I will ask detailed questions about the regulation-making powers that are contained in the bill as presented to the Parliament. Before that, and given what you have been exploring with the convener, I have another question. The legislation was first discussed in the Parliament in a statement from the First Minister about Scottish independence. Since then, you and she have been keen to assure us that the bill is not about a second Scottish independence referendum but that it is broader than that. Is that correct?
Yes. We have never hidden the fact that I see this bill being used by the Parliament and the Government to create the referendum for independence. However, it is also available to create other referenda. As you know, it is a reverse of the process that took place in 2013-14.
Apart from independence, what are the other issues that the Government—of which you are a member—proposes to put to the people of Scotland in a referendum?
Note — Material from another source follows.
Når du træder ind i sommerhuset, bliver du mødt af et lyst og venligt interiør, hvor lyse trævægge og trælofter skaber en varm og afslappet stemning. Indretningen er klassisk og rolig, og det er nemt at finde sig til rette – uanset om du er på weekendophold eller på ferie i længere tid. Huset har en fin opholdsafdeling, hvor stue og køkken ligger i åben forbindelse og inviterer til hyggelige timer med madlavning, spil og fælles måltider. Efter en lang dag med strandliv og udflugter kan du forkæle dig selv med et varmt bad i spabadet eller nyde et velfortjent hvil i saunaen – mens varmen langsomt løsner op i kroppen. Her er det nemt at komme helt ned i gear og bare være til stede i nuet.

We have made no such proposal, but once the legislation is on the statute book it would be available in those circumstances. That is not dissimilar to what happened with the UK legislation in 2000.
When the UK legislation was introduced in 2000, the Government had no specific referendum in mind that, within the foreseeable future, it intended to manufacture. That is not the same as the current position.
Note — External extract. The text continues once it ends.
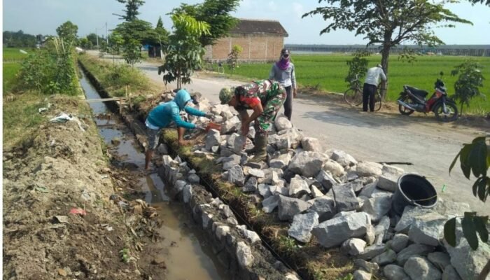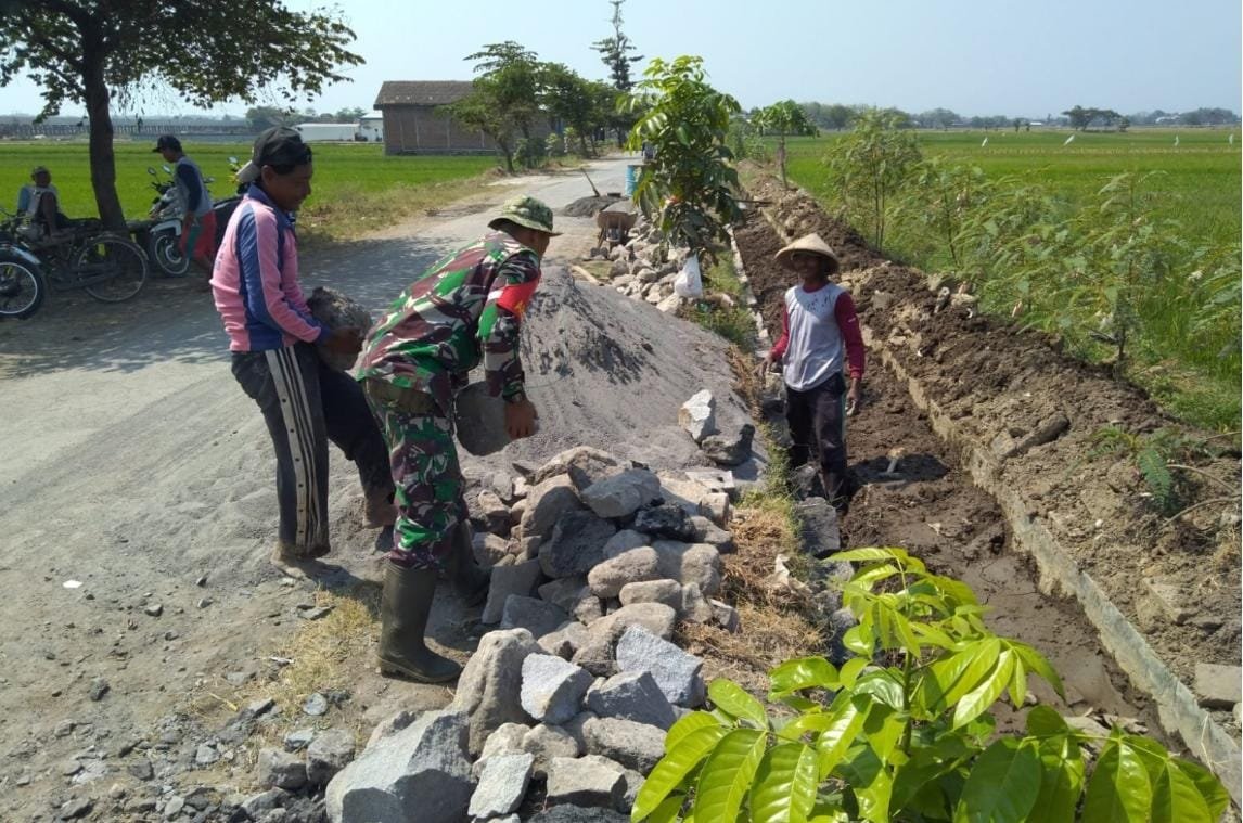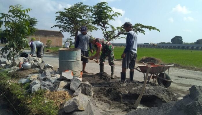 MEDIAINVETIGASIMABES.CO.ID | Boyolali – Babinsa Koramil 11/Ngemplak Kodim 0724/Boyolali Serda Waluyo bersama warga melaksanakan Karya Bhakti pembuat talud Jalan areal persawahan Desa Dibal Kecamatan Ngemplak Kabupaten Boyolali. Senin ( 12/05/25)

Respectfully, I disagree. We are going to have a respectful conversation on this, and the tone is important. The circumstances in the UK created the framework for a referendum, albeit in a different way. As I explained, we are doing something different. Similarly, this bill creates those opportunities. It also works within the context of the Scottish Government’s request for a section 30 order. The Scottish Government believes that it has a mandate for a change. It believes that there should be a referendum and that this will be the means by which it could happen. However, it is not the only thing that the bill could be used for.
Nonetheless, the context in which we are examining the bill is one in which the Scottish Government is committed to only one future referendum, which is a referendum about independence.
I would not use the word “only”; the Government is committed to a future referendum, but it is perfectly possible that there could be others. Members of the committee could propose or suggest others, and the bill would be available to them.
As could you—so why don’t you? What are the other issues that you, as Cabinet Secretary for Government Business and Constitutional Relations, think should be put to the people of Scotland in the form of a referendum under the bill?
I can speak only for my portfolio. As I am the cabinet secretary for constitutional relations, I am dealing with a constitutional issue. Other colleagues would no doubt have views on the matter; none of those issues is presently Government policy, because colleagues have not brought them forward. I have, however, indicated that an area of moral concern might be part of such consideration. I do not think that I am doing anything other than providing the circumstances in which referenda can take place, without hiding the fact that I would like to see a referendum on independence.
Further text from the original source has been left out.